#### To do
Retype nothing except the lines below from the one with "Orange Velvet Footstool" through the one with "义诊现场,免费为患者提供测量", exactly, with images left out.

Dataset records:
•••••
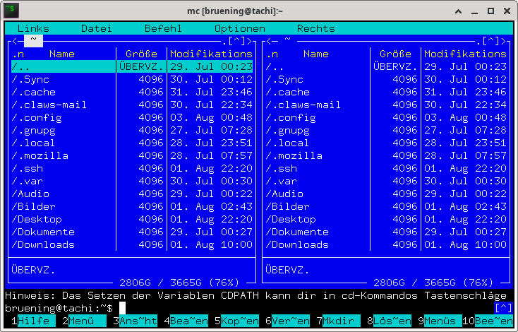 Von den zahlreichen Tastenkürzeln, die der Midnight Commander besitzt, halte ich ALT+i für das wichtigste. Es synchronisiert beide Spalten der Dateiansicht. Mit STRG+o kann man zwischen dem Dateimanager und der Kommandozeile wechseln, ohne sein Terminal zu verlassen. Einen symbolischen Link kann man mit STRG+x gefolgt von s anlegen.
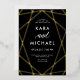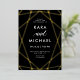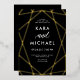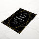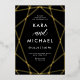 This stylish wedding invitation features a gold foil, modern geometric design on a dark, moody black background with elegant calligraphy.
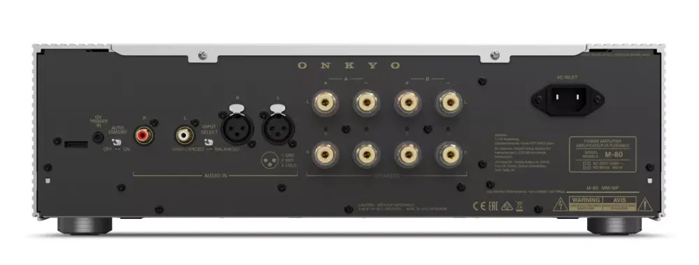 Wzmacniacz mocy Onkyo M-80 to solidna i precyzyjnie wykonana konstrukcja. Wyposażony jest w niestandardowy zasilacz o wysokim prądzie, który gwarantuje dynamiczny, pełnozakresowy dźwięk. W celu tłumienia wibracji zastosowano ekstrudowany, aluminiowy radiator.
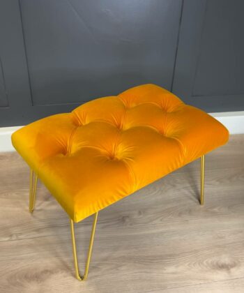 Orange Velvet Footstool 60x40cm – Golden Hairpin Legs
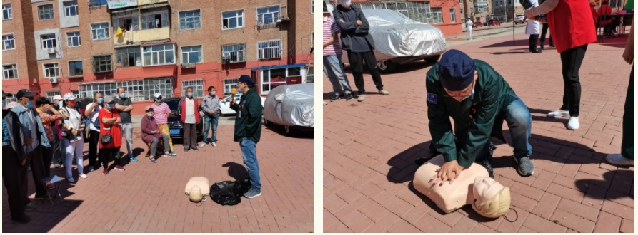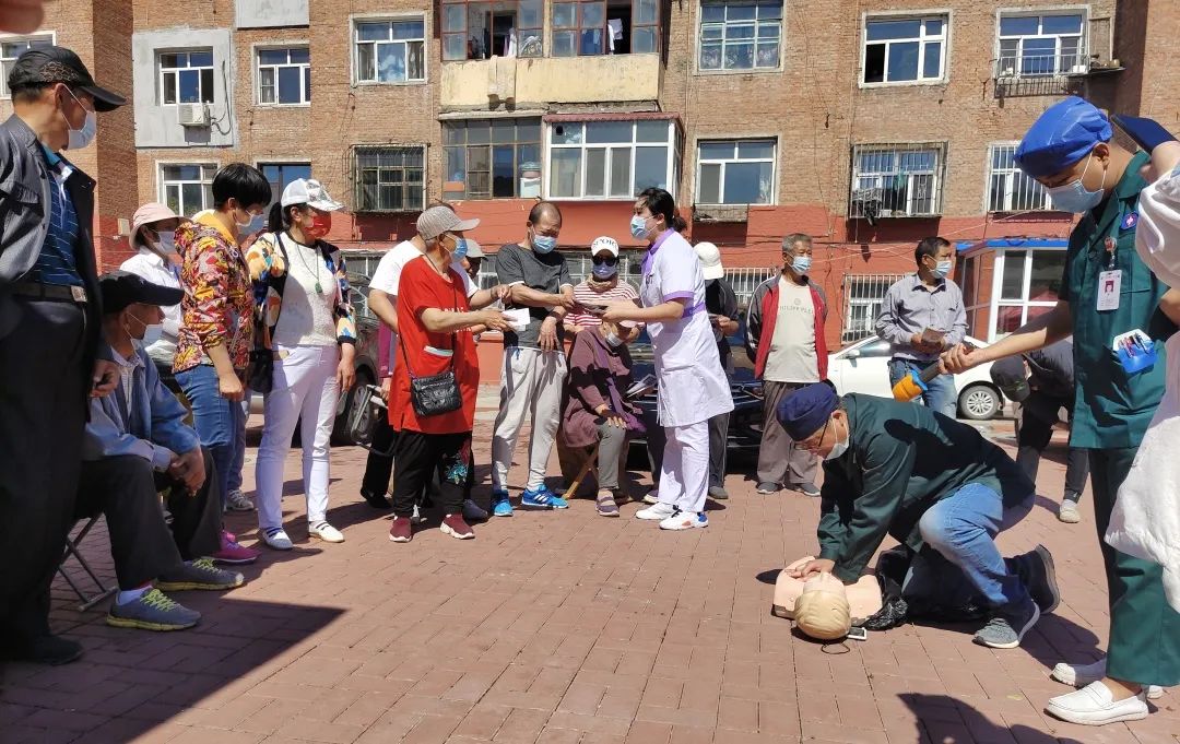 义诊现场,免费为患者提供测量血压、测量血氧饱和度、心电图和各部位超声检查。急诊医学科范医生现场教授大家心肺复苏操作,提高居民的自救能力,此次义诊受到了社区居民的欢迎。
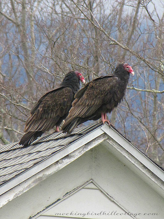 You have my turkey buzzards and you can keep them. I have been posting about these bad boys alot during the winter. We had around 200 that lived in our trees for 4 months. They are a far cry from gentle in my book. They are impossible to get to leave when they start roosting. I like the wild turkeys better. They are so funny walking all in a row without a care. Good pictures though.
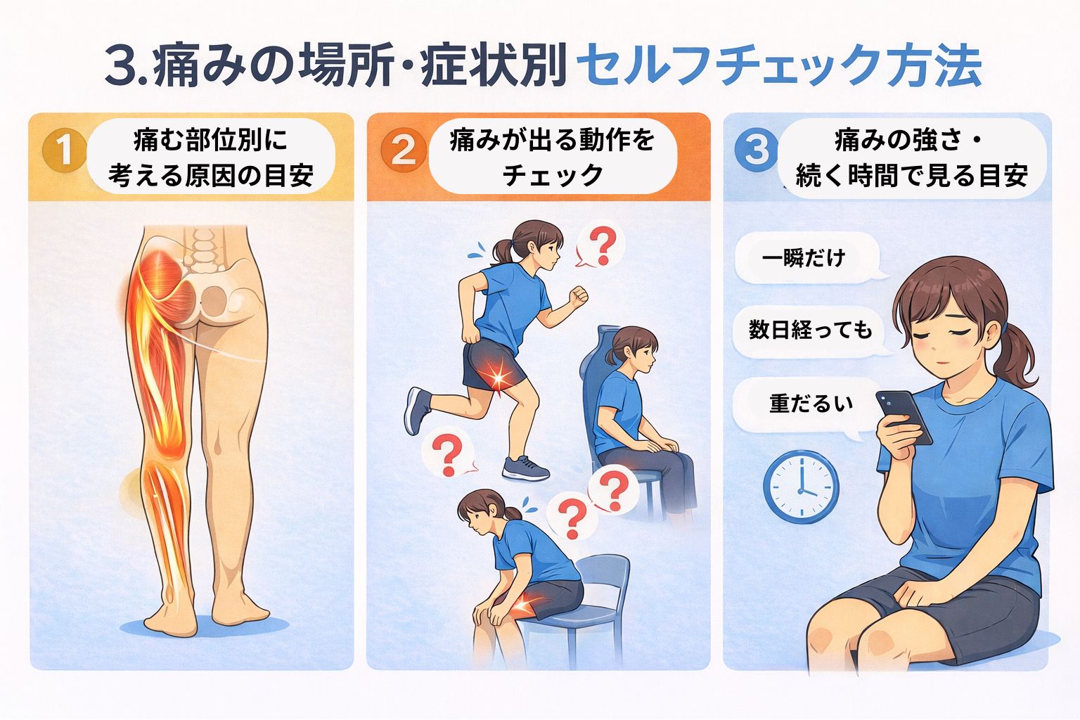 走るときだけ痛むのか、立ち上がる瞬間に違和感があるのか、前にかがんだときにつらいのか。こうした動作の違いによって、考えられる原因も変わると言われています。スポーツ中のみ出る痛みと、日常動作で出る痛みは、同じではない可能性があるようです。
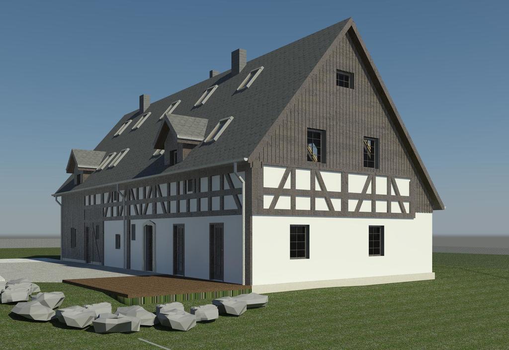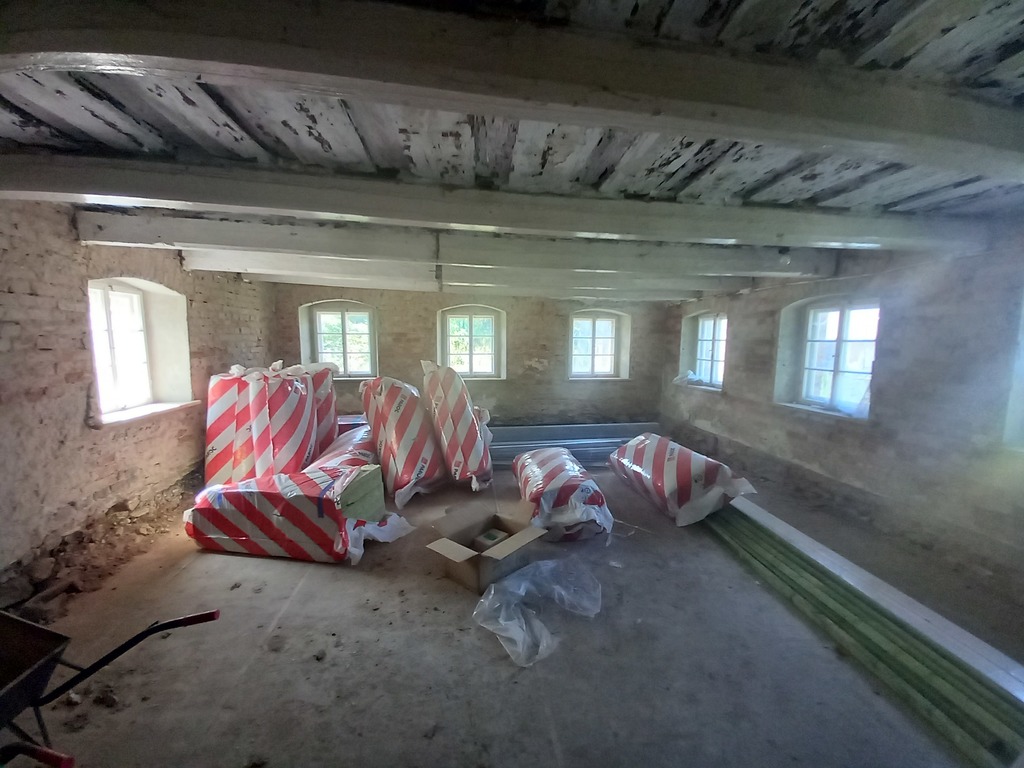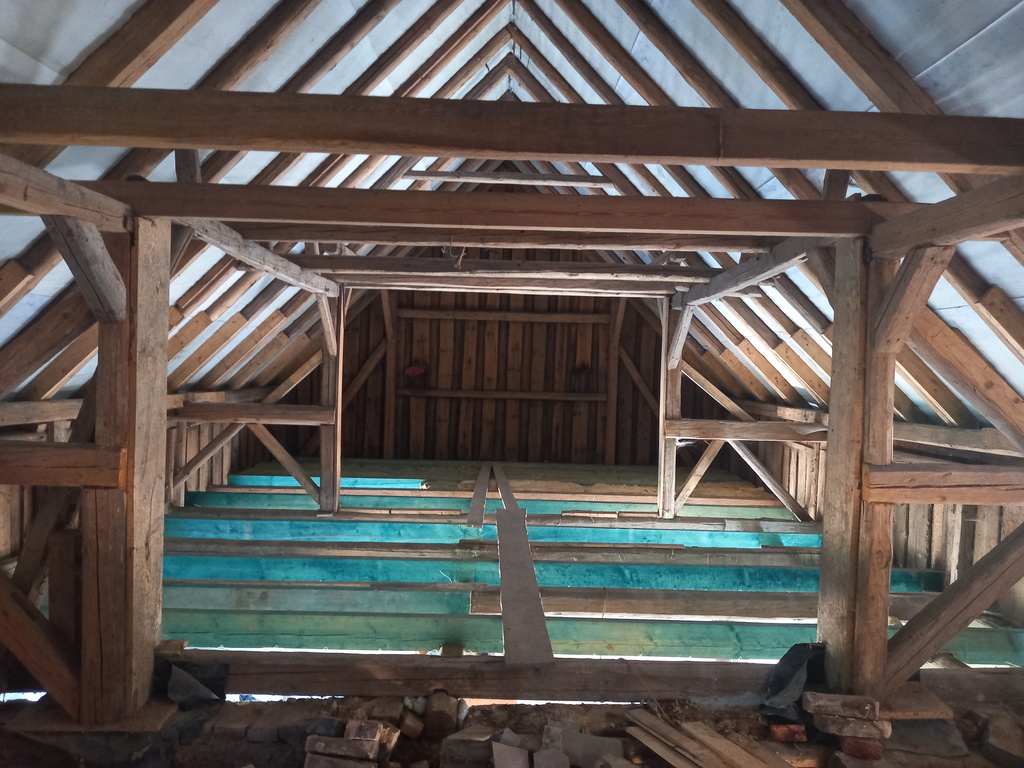 Z zewnątrz ściany są pokryte deskami, ta część jest ocieplona, z nowymi oknami oraz drzwiami. Ta częśc stała się nowoczesną stodołą i powstała praktycznie od nowa.
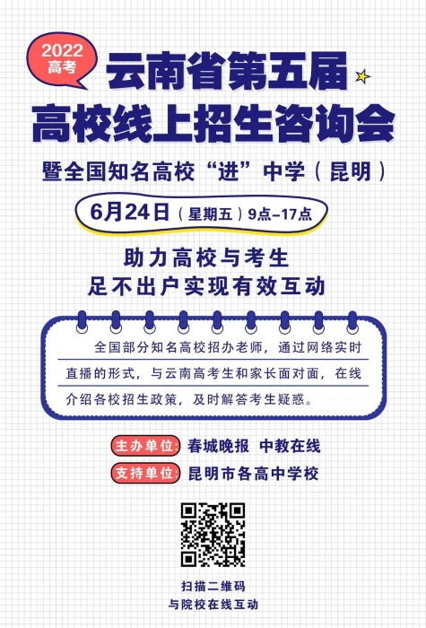 6月24日(星期五),由春城晚报、中教在线联合主办的公益品牌活动——2022年云南省第五届高校招生咨询会(线上)暨全国部分知名高校“进”中学(昆明),将如期与考生和家长见面,为考生和家长第一时间提供最精准的高考志愿填报指南,搭建高校与考生之间相互沟通的桥梁,助力考生选择最适合自己的学校和专业。
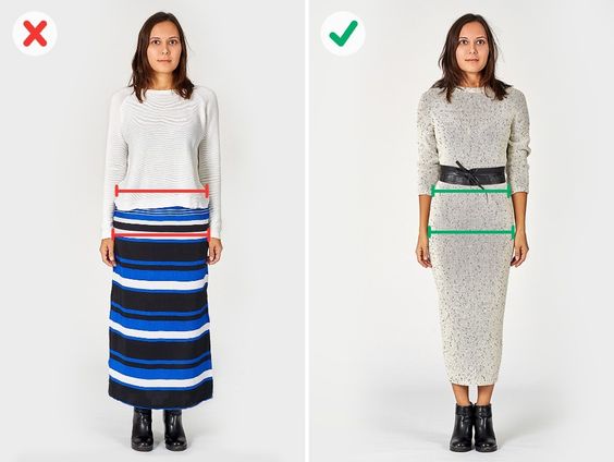 Невідповідна довжина одягу змінює фігуру, візуально вкорочує ноги, подовжує тулуб, додає пару розмірів.
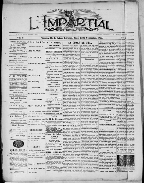 Title L'Impartial -- 1900-11-22 -- Page 01 Date Issued 1900-11-22 Language French Type Text Genre Page Extent 1 page Rights Digitized with permission. For educational, research and study purposes. Member of L'Impartial -- 1900-11-22 Digitization Agency West Canadian Digital Imaging Inc.
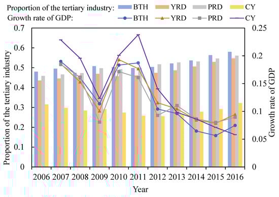 Trends in economic growth and the proportion of tertiary industries in the four major urban agglomerations from 2006 to 2016.
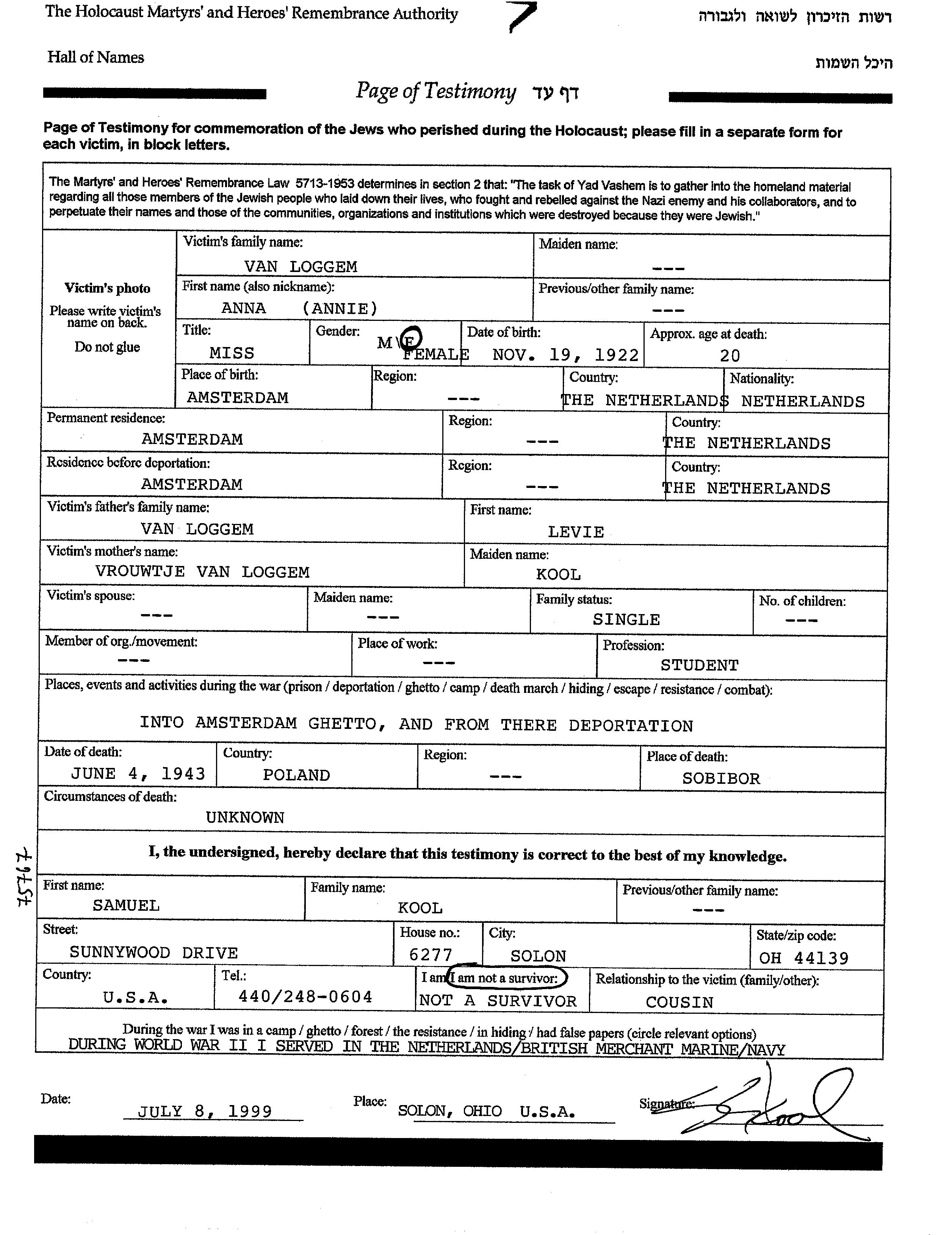 Annie Loggem van wurde im Jahr 1922 in Amsterdam, Niederlande geboren. Sie war Student. Vor dem Zweiten Weltkrieg lebte sie in Amsterdam, Niederlande.
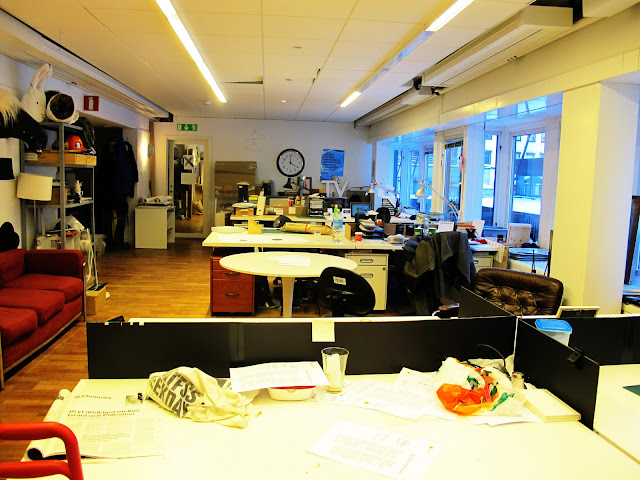 Helt tomt och så jag. Beckmans kl. 16.11. Exjobbet har tagit sin början, folk häckar på ställen som det går att tänka på. Jag stannar i skolan och får på köpet ett helt kontor för mig själv.
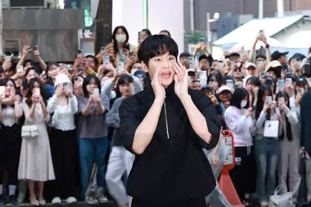 식당에 들어가기 전, 김수현은 취재진들의 요청에 맞춰 다양한 포즈를 취했다. ‘눈물의 여왕’에 맞게 한 손으로 눈물을 표현하는가 하면, “홍해인!”을 외쳐 폭발적 반응을 이끌었다.
•••••
#### Answer for the task
 Orange Velvet Footstool 60x40cm – Golden Hairpin Legs
 义诊现场,免费为患者提供测量血压、测量血氧饱和度、心电图和各部位超声检查。急诊医学科范医生现场教授大家心肺复苏操作,提高居民的自救能力,此次义诊受到了社区居民的欢迎。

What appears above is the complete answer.